Descrizione del bando

Il bando in questione riguarda la manifestazione di interesse per accedere ai servizi di digitalizzazione erogati da R.O.M.E. Digital Hub, un Polo Europeo di Innovazione Digitale che ha ottenuto il riconoscimento Seal of Excellence dalla Commissione europea. Si tratta di un'iniziativa finanziata nell'ambito del PNRR, gestita dal Ministero delle Imprese e del Made in Italy, con uno stanziamento complessivo di circa 4,75 milioni di euro. La forma di agevolazione è il contributo a fondo perduto, con un'agevolazione concedibile fino a 300.000 euro per beneficiario, a fronte di spese ammissibili fino a 1.000.000 di euro.

L'obiettivo centrale del progetto è accelerare la trasformazione digitale delle piccole e medie imprese italiane e delle Organizzazioni del Settore Pubblico, mettendo a disposizione un catalogo strutturato di servizi innovativi sviluppati da una rete di partner composta da PMI, Parchi Tecnologici, Università, Centri di Ricerca e un Digital Innovation Hub. Il focus geografico principale è la Regione Lazio e l'area Roma, con un'estensione operativa che copre anche il Nord e il Centro Italia. Tuttavia, la platea territoriale formalmente ammissibile comprende tutte le regioni italiane, da Piemonte e Lombardia fino a Sicilia, Sardegna e Calabria.

I servizi offerti da R.O.M.E. Digital Hub si articolano in quattro macro-categorie. La prima è il "Test before Invest", che consente alle imprese di sperimentare tecnologie digitali prima di effettuare investimenti diretti. La seconda riguarda la formazione e lo sviluppo delle competenze digitali, con percorsi dedicati all'aggiornamento professionale. La terza categoria copre il supporto nella ricerca di investimenti, utile soprattutto per le imprese che intendono strutturare o ampliare i propri progetti di innovazione. La quarta riguarda il networking e l'accesso agli ecosistemi dell'innovazione, favorendo connessioni tra imprese, centri di ricerca e mercati. Le tecnologie chiave su cui si concentra il catalogo sono l'Intelligenza Artificiale, l'High Performance Computing e la Cybersecurity, affiancate da competenze avanzate in IoT, Blockchain e Computer Vision.

Le spese ammissibili sono particolarmente ampie e comprendono costi del personale, formazione professionale, servizi professionali e consulenze, progettazione e studi, impianti, macchinari e attrezzature, licenze, brevetti, know-how e conoscenze tecniche non brevettate, marchi, costi di ricerca contrattuale, ammortamenti su fabbricati e strumenti, materie prime e merci, spese generali e oneri finanziari. Questa varietà di voci ammissibili rende il bando adatto a coprire sia la componente immateriale della trasformazione digitale sia gli investimenti più tangibili che essa richiede.

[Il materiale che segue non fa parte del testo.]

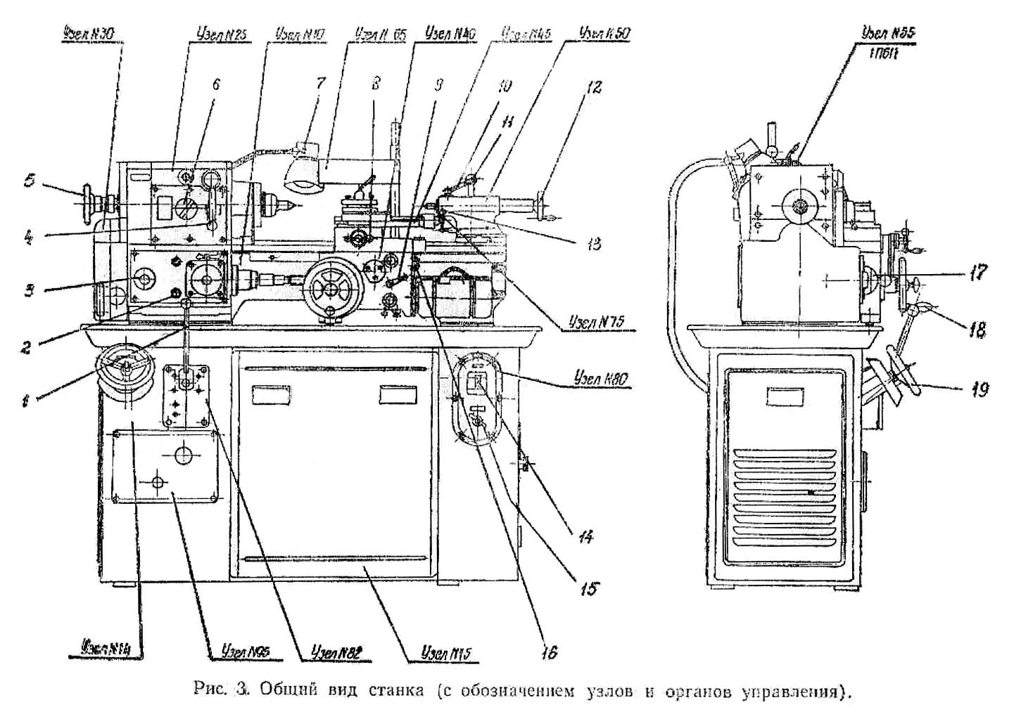Розташування вузлів та органів керування токарно-гвинторізним верстатом 1604

I destinatari sono imprese di qualsiasi dimensione, dalle microimprese alle grandi imprese, nonché enti pubblici. Non sono previste restrizioni settoriali particolari: tutti i codici ATECO ammissibili a ricevere aiuti di Stato rientrano nel perimetro del bando, coprendo un ventaglio vastissimo che va dall'agricoltura all'ICT, dalla moda al turismo, dalla chimica alla ristorazione, passando per edilizia, meccanica, salute e molti altri comparti. Questo rende l'iniziativa accessibile a una platea estremamente eterogenea di operatori economici.

L'accesso avviene tramite manifestazione di interesse, una procedura tipicamente non competitiva nella fase iniziale, che consente all'impresa di segnalare il proprio interesse a ricevere i servizi del Hub e di essere successivamente orientata verso le soluzioni più adatte al proprio profilo e fabbisogno digitale. Per i dettagli operativi sulla presentazione delle domande è necessario fare riferimento al sito ufficiale del progetto, disponibile all'indirizzo romedigitalhub.com.

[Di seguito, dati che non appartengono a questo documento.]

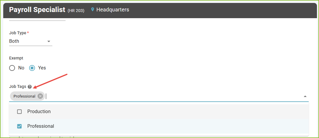 - Locate the Job Tags field.

La finestra temporale del bando è aperta dal 10 marzo 2023 e la data di chiusura indicata è il 30 aprile 2026, il che lascia ancora un orizzonte temporale significativo per le imprese che intendono aderire. Lo stato dell'incentivo risulta attivo.

Il principale motivo di interesse per un imprenditore è la possibilità di accedere gratuitamente, o con un contributo a fondo perduto fino a 300.000 euro, a servizi di alto profilo tecnologico erogati da una rete qualificata di partner europei, senza vincoli settoriali stringenti e con una copertura geografica nazionale. Per le PMI che vogliono avviare o consolidare un percorso di digitalizzazione senza sostenere interamente i costi di consulenza, formazione e sperimentazione tecnologica, questa iniziativa rappresenta un'opportunità concreta e accessibile, sostenuta da una struttura istituzionale solida e da un riconoscimento europeo di qualità.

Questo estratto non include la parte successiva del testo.